Алена глядела в лицо нарисованной женщине. Женщина, подняв лицо от своего ребенка, глядела в лицо ей. Монах глядел на них обеих.

– Богородица, – тихо прошептал он. – Поклонись Ей.

Огромные глаза женщины летели впереди лица.

Алена почувствовала себя под взглядом этой женщины, про которую монах сказал, что она – мать Бога, холодно, бесприютно, будто ее раздели, и она стояла голая на пронизывающем ветру. Обняла себя за плечи, закрывая от взгляда-ветра грудь, живот.

– Почему… она так смотрит?

– Любит тебя. Видит тебя.

Монах вздохнул.

Расстрелянный иконостас матово, тускло мерцал еще живыми красками.

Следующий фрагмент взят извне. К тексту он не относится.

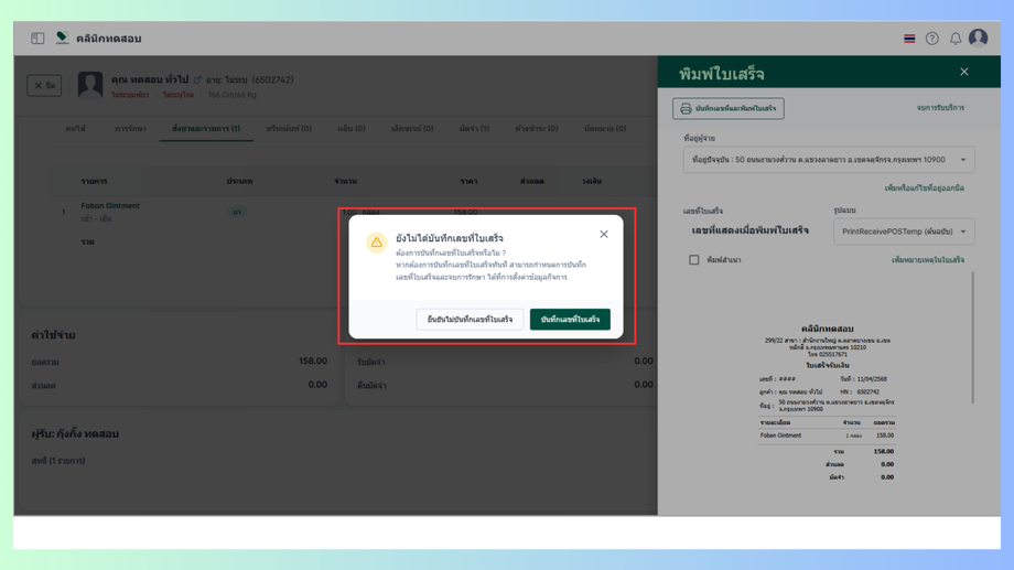 เมื่อมีการจบการรักษาโดยไม่ได้มีการพิมพ์ใบเสร็จ ระบบจะแจ้งเตือน เพื่อการยืนยันว่าการจบการรักษาจะบันทึกเลขที่ใบเสร็จหรือไม่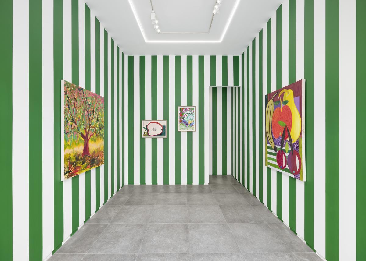 과일 정물과 자연 풍경을 그리는 두 작가는 전시장 벽을 녹색과 흰색 줄무늬로 칠하고 간판을 달았다. 9일 전시 공간에서 만난 두 작가는“프랑스 전통 과일 시장의 차양에서 볼 수 있는 색을 가져왔고, 과일 모양 간판도 달아 지나가는 누구나 편히 들어와 작품을 볼 수 있도록 했다”고 했다.

Темно-вишневые, густо-золотые фигуры пророков и мучеников медленно уходили из живого военного времени в ледяное море погибших времен.

– Пойдем теперь к раке, – тихий голос монаха эхом отдался под сводами, загудел в вышине.

– Куда? Какие еще… раки?

– К мощам приложишься.

«Какой терпеливый, не ругает меня за невежество». Она вслед за монахом подошла к странному, кажется, медному сундучку. Или гробику, подумалось ей насмешливо. Сундучок обит золотой и пурпурной парчой и украшен медной отливкой, смешными позолоченными завитками.

– Встань на колени, – велел монах. Алена встала. Монах бережно откинул крышку раки. И снова перекрестился. «Как часто крестится. И не устал».

Из распахнутого сундучка Алене в лицо полетел незнакомый аромат. Запах плыл, тревожил. Алена, как гусенок, вытянула шею, пытаясь рассмотреть, что же там, внутри. Монах стал читать молитву. Молитва была длинная и непонятная, на древнем языке, забытом, как тяжелый сон, и Алена терпеливо ждала, пока монах закончит.

– Что это? – тихо спросила, когда монах замолчал. – Чем пахнет?

– Это мощи.

– Что такое мощи?

– Встань. Гляди.

Она встала с колен и заглянула в раку.

На дне раки лежал скелет. Череп обтянут высохшей кожей. Алена с любопытством и отвращением глядела на костяные фаланги пальцев, упокоенно сложенных на груди, на торчащих ребрах. Скелет присыпан серой пылью. «Прах», – всплыло из глубин памяти старое, страшное слово.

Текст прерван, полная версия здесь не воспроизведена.